» **ASSIGNMENT**
Repeat every entry word for word, but leave the images out of your copy.

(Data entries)
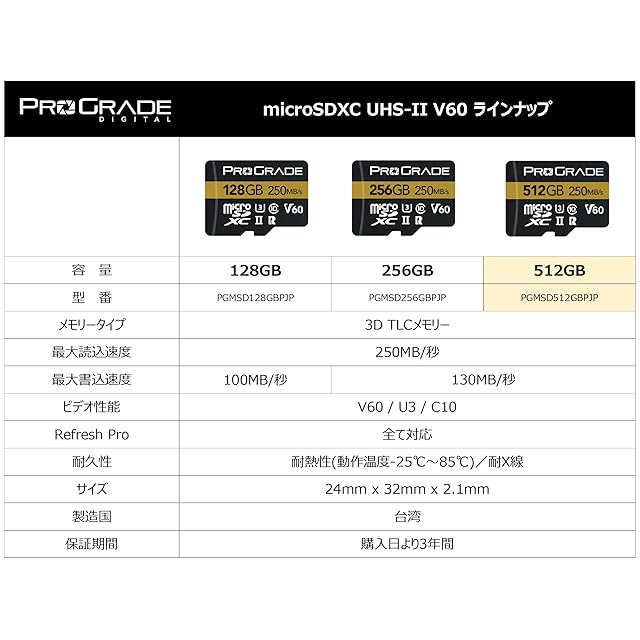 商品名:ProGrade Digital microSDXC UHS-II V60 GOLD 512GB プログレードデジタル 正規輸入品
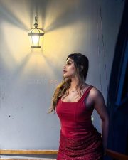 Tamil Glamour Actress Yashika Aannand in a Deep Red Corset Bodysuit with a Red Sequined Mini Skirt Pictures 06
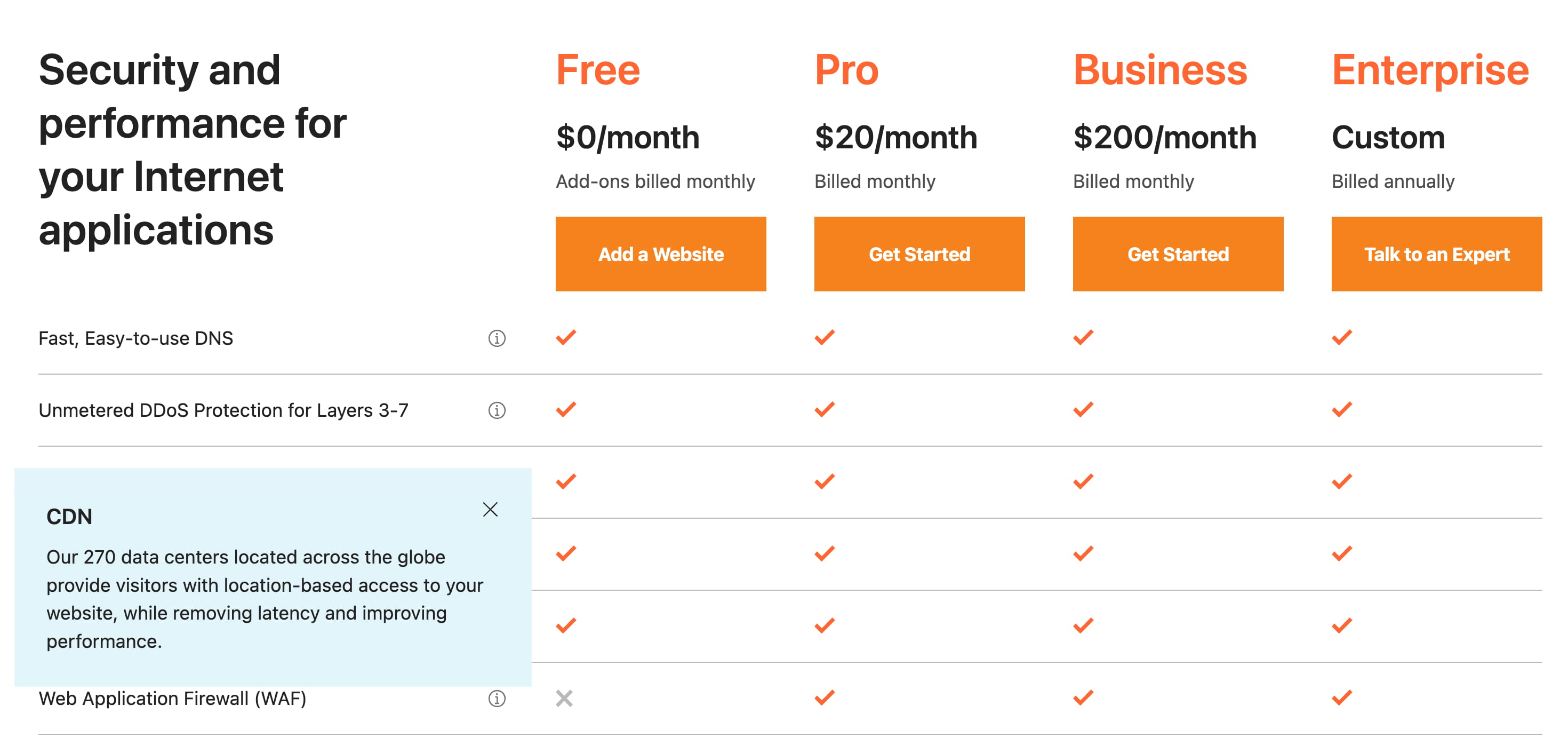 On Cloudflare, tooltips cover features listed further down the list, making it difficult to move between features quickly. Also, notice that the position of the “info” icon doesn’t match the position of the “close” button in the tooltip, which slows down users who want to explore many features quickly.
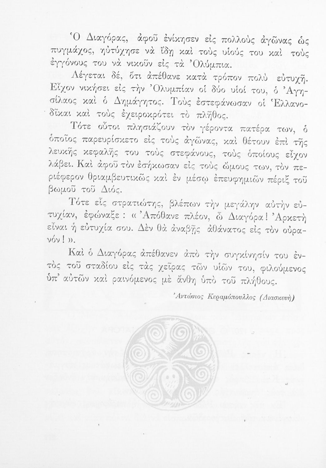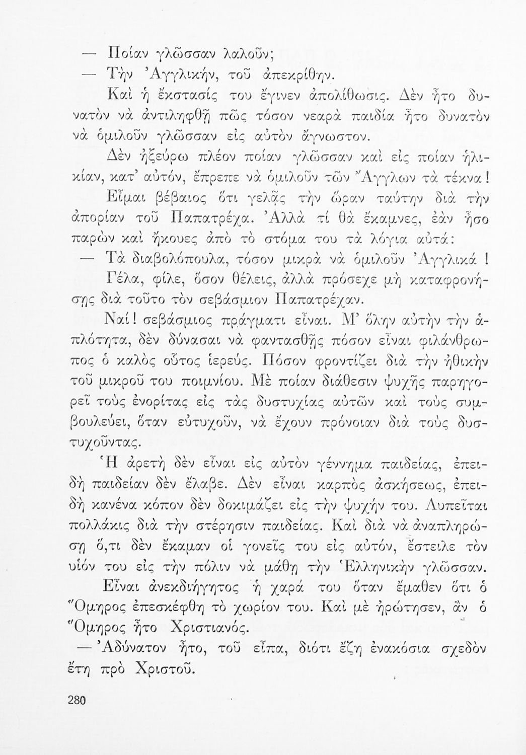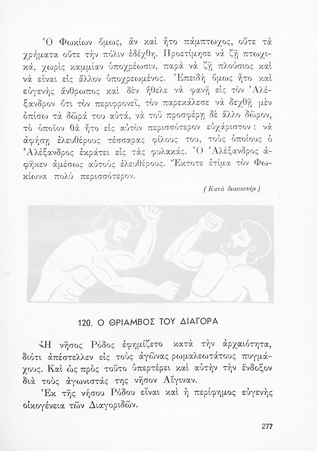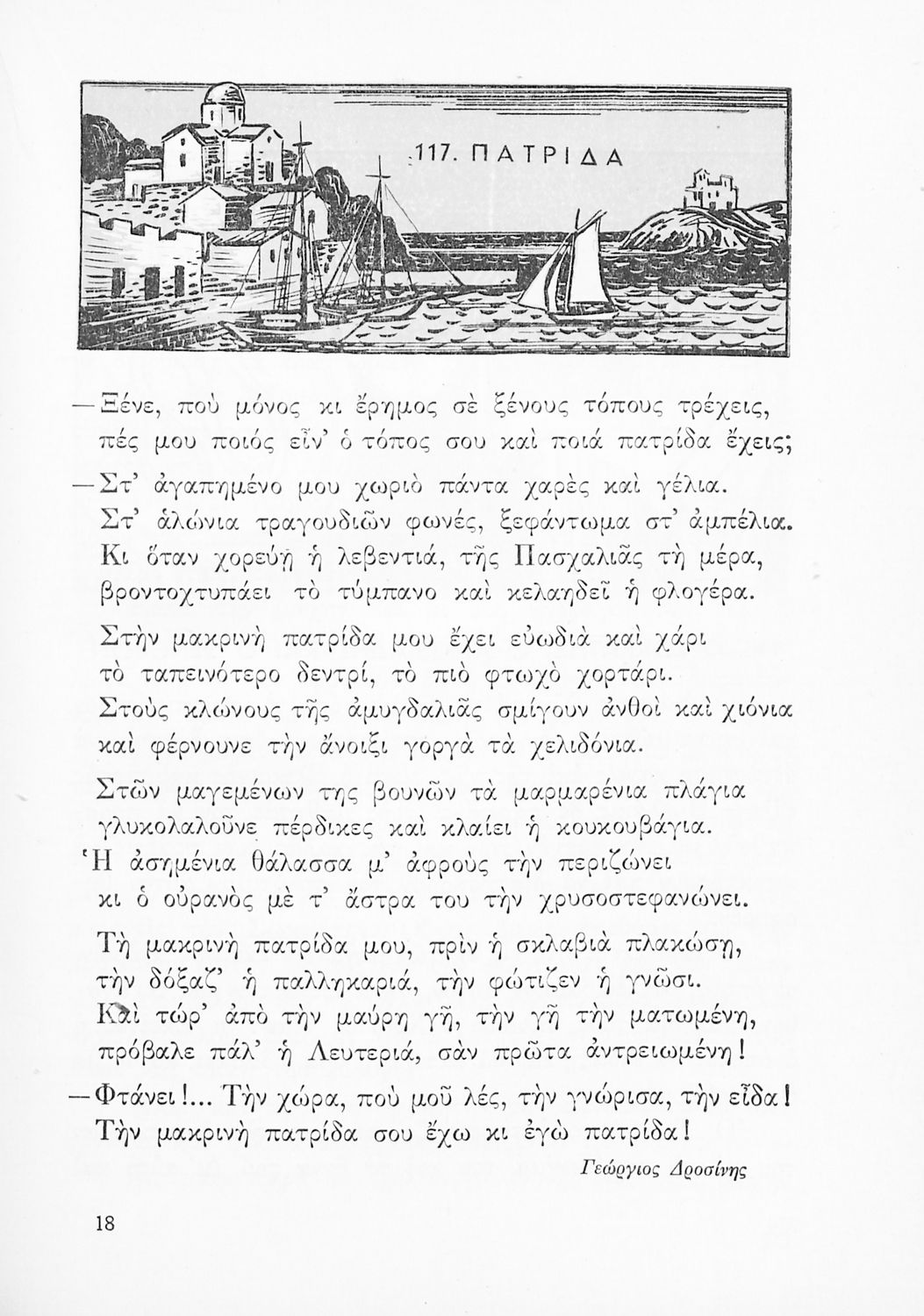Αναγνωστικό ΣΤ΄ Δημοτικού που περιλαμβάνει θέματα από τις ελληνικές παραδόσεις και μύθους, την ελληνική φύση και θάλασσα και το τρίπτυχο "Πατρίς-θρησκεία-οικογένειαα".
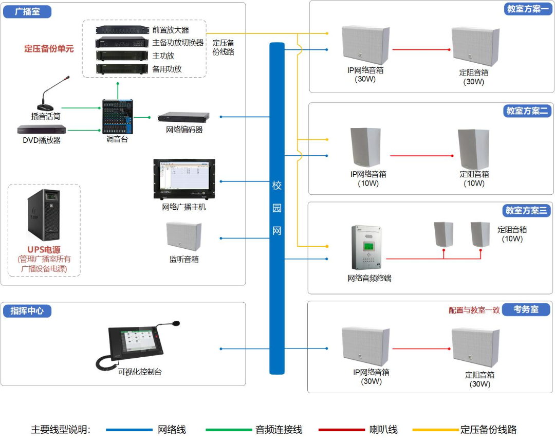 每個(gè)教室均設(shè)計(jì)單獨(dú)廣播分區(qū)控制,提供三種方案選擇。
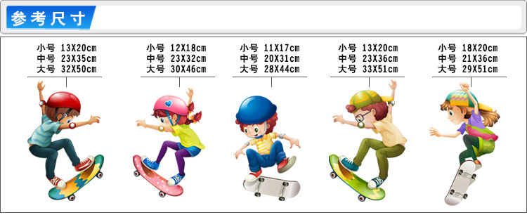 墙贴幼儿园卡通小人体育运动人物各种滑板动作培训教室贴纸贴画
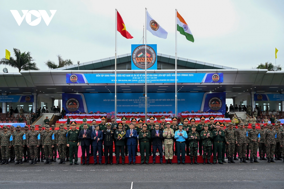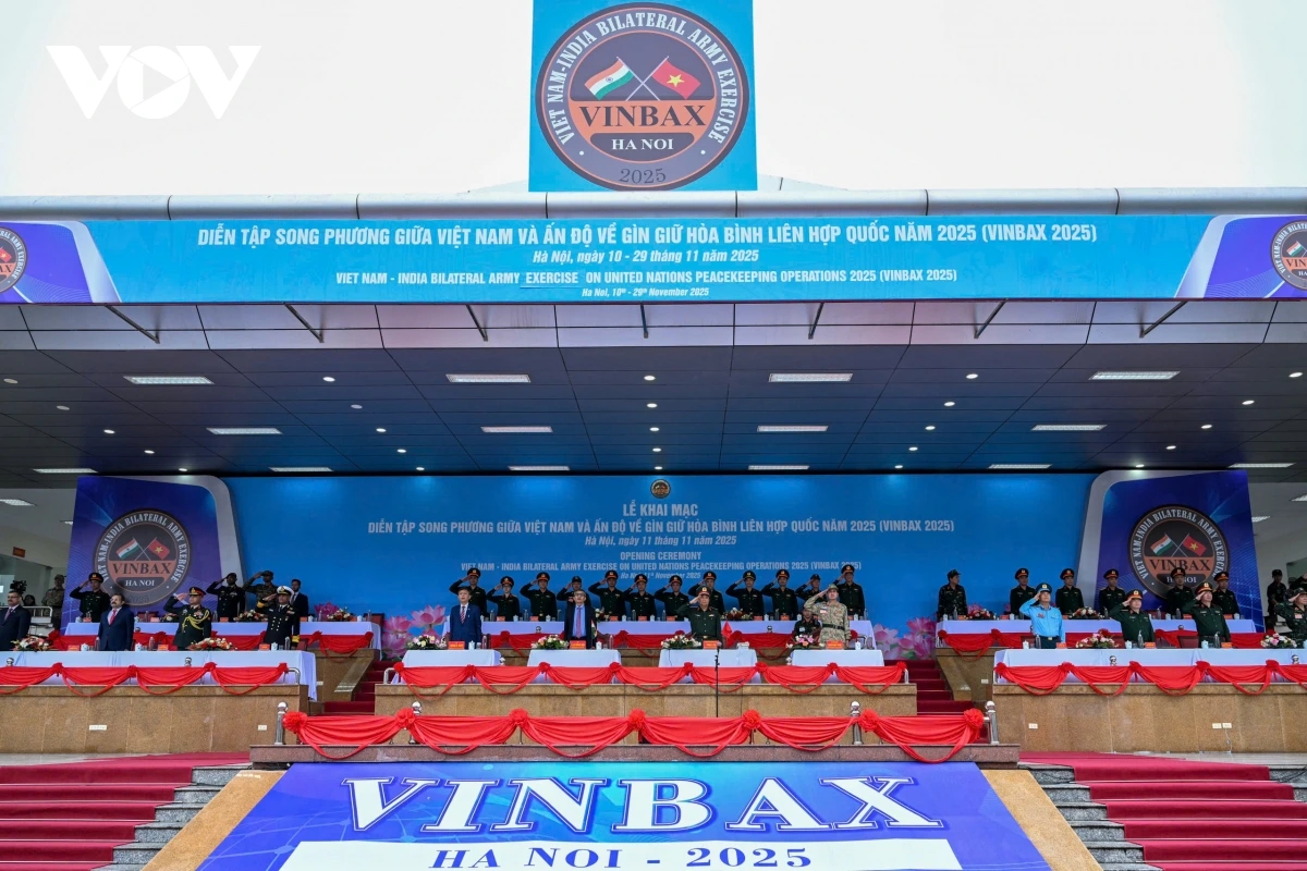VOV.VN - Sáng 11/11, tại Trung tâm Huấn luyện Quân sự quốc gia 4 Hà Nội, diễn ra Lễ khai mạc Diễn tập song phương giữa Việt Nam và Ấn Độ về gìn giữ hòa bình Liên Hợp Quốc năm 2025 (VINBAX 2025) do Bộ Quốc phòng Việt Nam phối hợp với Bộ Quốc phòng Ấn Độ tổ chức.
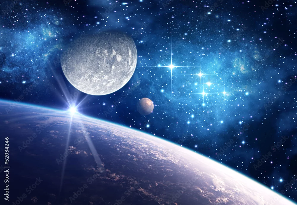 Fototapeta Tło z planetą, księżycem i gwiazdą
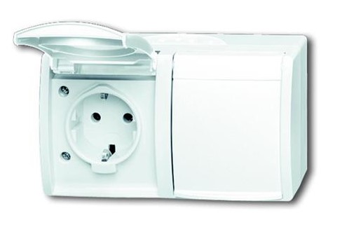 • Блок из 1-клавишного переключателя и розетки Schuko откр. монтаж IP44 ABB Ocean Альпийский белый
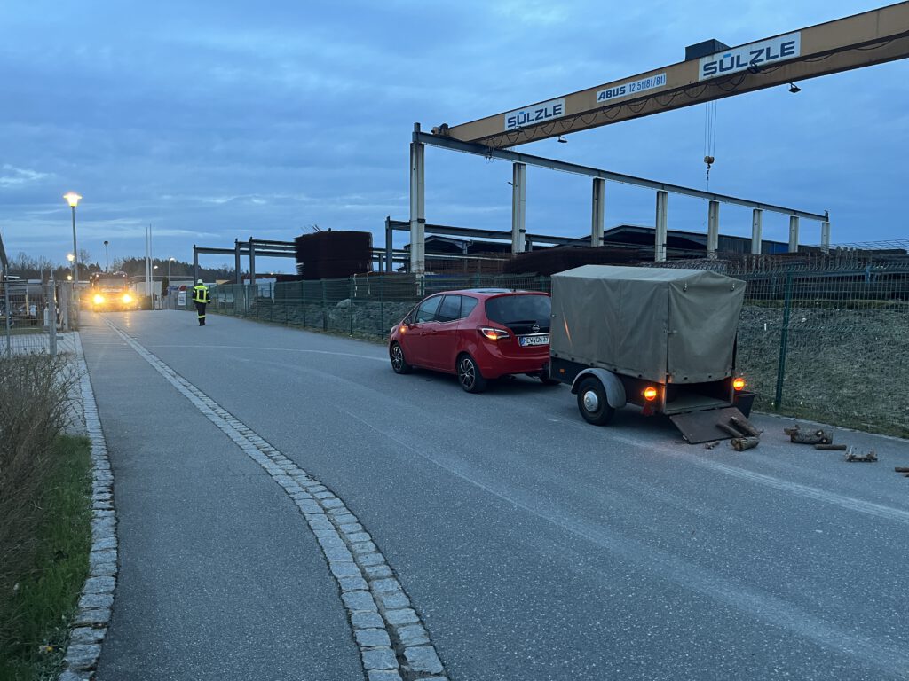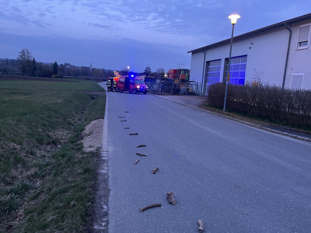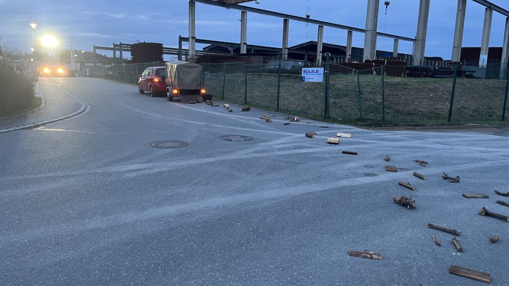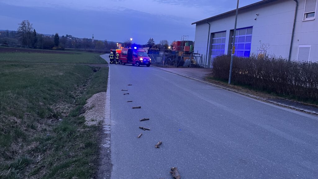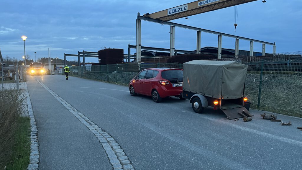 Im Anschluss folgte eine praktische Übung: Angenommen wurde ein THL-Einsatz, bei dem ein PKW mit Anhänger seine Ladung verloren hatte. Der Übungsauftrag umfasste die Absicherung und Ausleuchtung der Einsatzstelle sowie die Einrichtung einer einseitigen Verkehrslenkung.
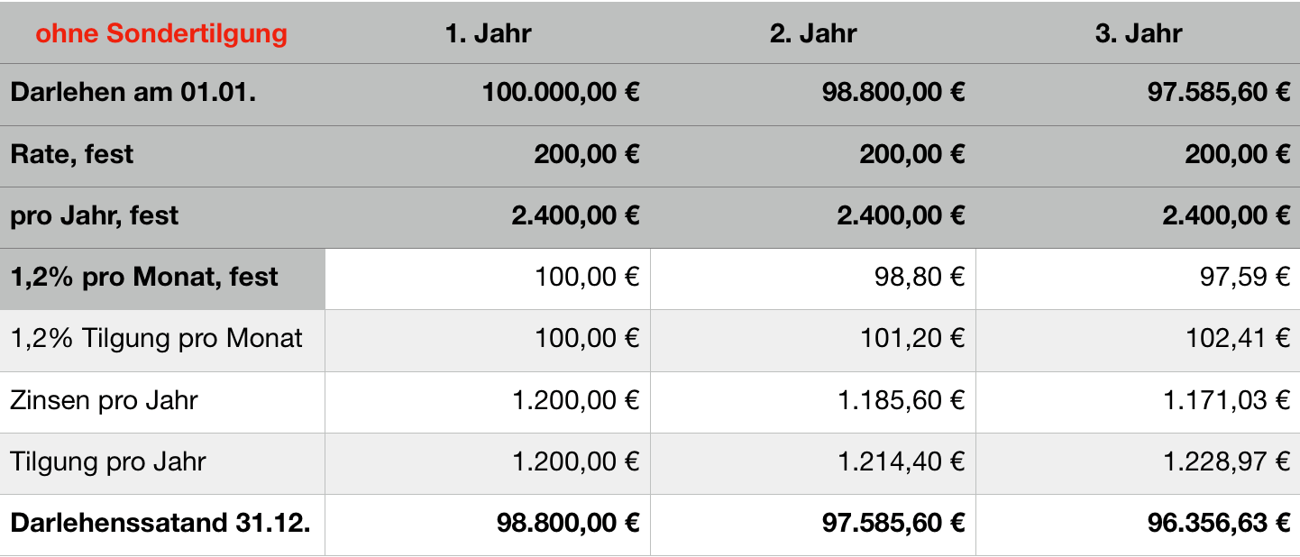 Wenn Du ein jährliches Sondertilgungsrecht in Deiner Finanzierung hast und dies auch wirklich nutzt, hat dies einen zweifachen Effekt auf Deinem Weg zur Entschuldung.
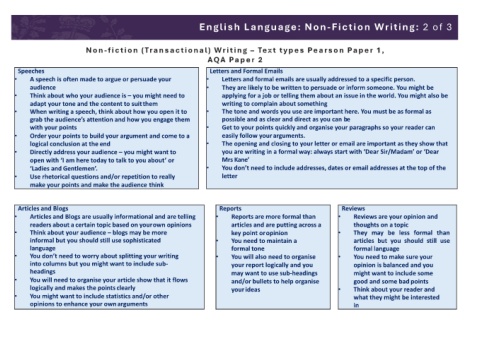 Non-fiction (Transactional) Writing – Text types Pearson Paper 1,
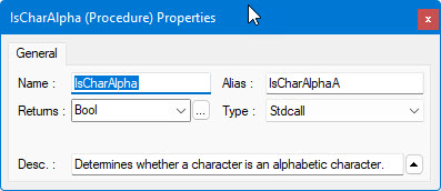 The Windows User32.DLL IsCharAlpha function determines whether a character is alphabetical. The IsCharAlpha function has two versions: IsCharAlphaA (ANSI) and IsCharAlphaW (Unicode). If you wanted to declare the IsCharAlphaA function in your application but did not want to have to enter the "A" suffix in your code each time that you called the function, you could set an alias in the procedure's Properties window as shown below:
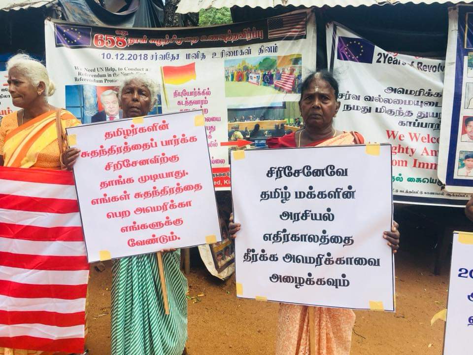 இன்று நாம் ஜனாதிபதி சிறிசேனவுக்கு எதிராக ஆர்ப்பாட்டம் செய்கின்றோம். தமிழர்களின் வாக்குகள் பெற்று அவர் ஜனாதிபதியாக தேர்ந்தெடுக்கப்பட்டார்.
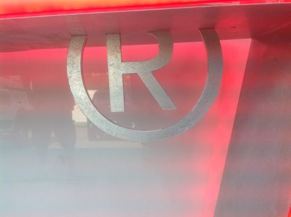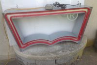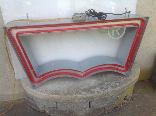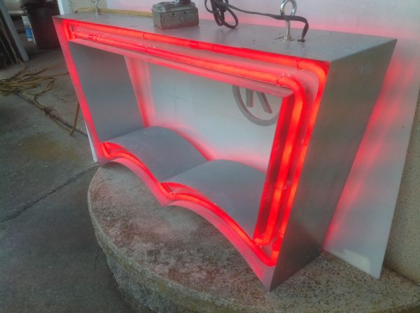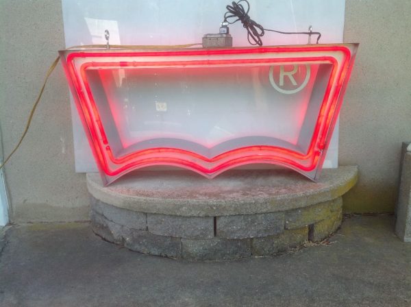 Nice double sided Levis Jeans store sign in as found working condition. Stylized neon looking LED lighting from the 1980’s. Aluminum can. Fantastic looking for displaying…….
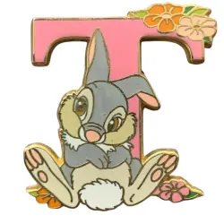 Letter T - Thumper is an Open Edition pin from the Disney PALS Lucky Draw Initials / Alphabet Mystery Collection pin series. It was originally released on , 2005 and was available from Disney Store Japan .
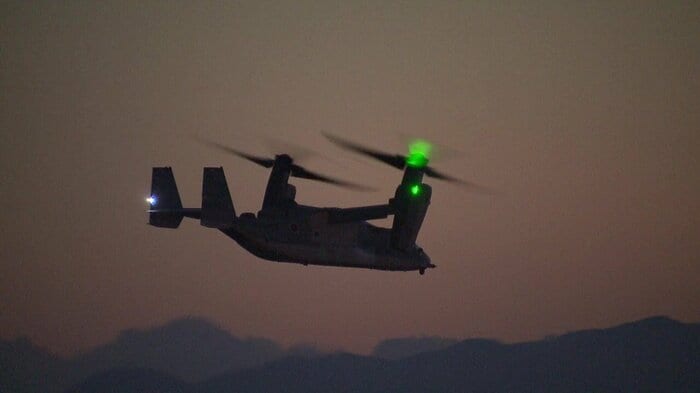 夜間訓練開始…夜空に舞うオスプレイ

» **RESULT OF THE EXERCISE**
 商品名:ProGrade Digital microSDXC UHS-II V60 GOLD 512GB プログレードデジタル 正規輸入品
 Tamil Glamour Actress Yashika Aannand in a Deep Red Corset Bodysuit with a Red Sequined Mini Skirt Pictures 06
 On Cloudflare, tooltips cover features listed further down the list, making it difficult to move between features quickly. Also, notice that the position of the “info” icon doesn’t match the position of the “close” button in the tooltip, which slows down users who want to explore many features quickly.
Αναγνωστικό ΣΤ΄ Δημοτικού που περιλαμβάνει θέματα από τις ελληνικές παραδόσεις και μύθους, την ελληνική φύση και θάλασσα και το τρίπτυχο "Πατρίς-θρησκεία-οικογένειαα".
 每個(gè)教室均設(shè)計(jì)單獨(dú)廣播分區(qū)控制,提供三種方案選擇。
 墙贴幼儿园卡通小人体育运动人物各种滑板动作培训教室贴纸贴画
VOV.VN - Sáng 11/11, tại Trung tâm Huấn luyện Quân sự quốc gia 4 Hà Nội, diễn ra Lễ khai mạc Diễn tập song phương giữa Việt Nam và Ấn Độ về gìn giữ hòa bình Liên Hợp Quốc năm 2025 (VINBAX 2025) do Bộ Quốc phòng Việt Nam phối hợp với Bộ Quốc phòng Ấn Độ tổ chức.
 Fototapeta Tło z planetą, księżycem i gwiazdą
 • Блок из 1-клавишного переключателя и розетки Schuko откр. монтаж IP44 ABB Ocean Альпийский белый
 Im Anschluss folgte eine praktische Übung: Angenommen wurde ein THL-Einsatz, bei dem ein PKW mit Anhänger seine Ladung verloren hatte. Der Übungsauftrag umfasste die Absicherung und Ausleuchtung der Einsatzstelle sowie die Einrichtung einer einseitigen Verkehrslenkung.
 Wenn Du ein jährliches Sondertilgungsrecht in Deiner Finanzierung hast und dies auch wirklich nutzt, hat dies einen zweifachen Effekt auf Deinem Weg zur Entschuldung.
 Non-fiction (Transactional) Writing – Text types Pearson Paper 1,
 The Windows User32.DLL IsCharAlpha function determines whether a character is alphabetical. The IsCharAlpha function has two versions: IsCharAlphaA (ANSI) and IsCharAlphaW (Unicode). If you wanted to declare the IsCharAlphaA function in your application but did not want to have to enter the "A" suffix in your code each time that you called the function, you could set an alias in the procedure's Properties window as shown below:
 இன்று நாம் ஜனாதிபதி சிறிசேனவுக்கு எதிராக ஆர்ப்பாட்டம் செய்கின்றோம். தமிழர்களின் வாக்குகள் பெற்று அவர் ஜனாதிபதியாக தேர்ந்தெடுக்கப்பட்டார்.
 Nice double sided Levis Jeans store sign in as found working condition. Stylized neon looking LED lighting from the 1980’s. Aluminum can. Fantastic looking for displaying…….
 Letter T - Thumper is an Open Edition pin from the Disney PALS Lucky Draw Initials / Alphabet Mystery Collection pin series. It was originally released on , 2005 and was available from Disney Store Japan .
 夜間訓練開始…夜空に舞うオスプレイ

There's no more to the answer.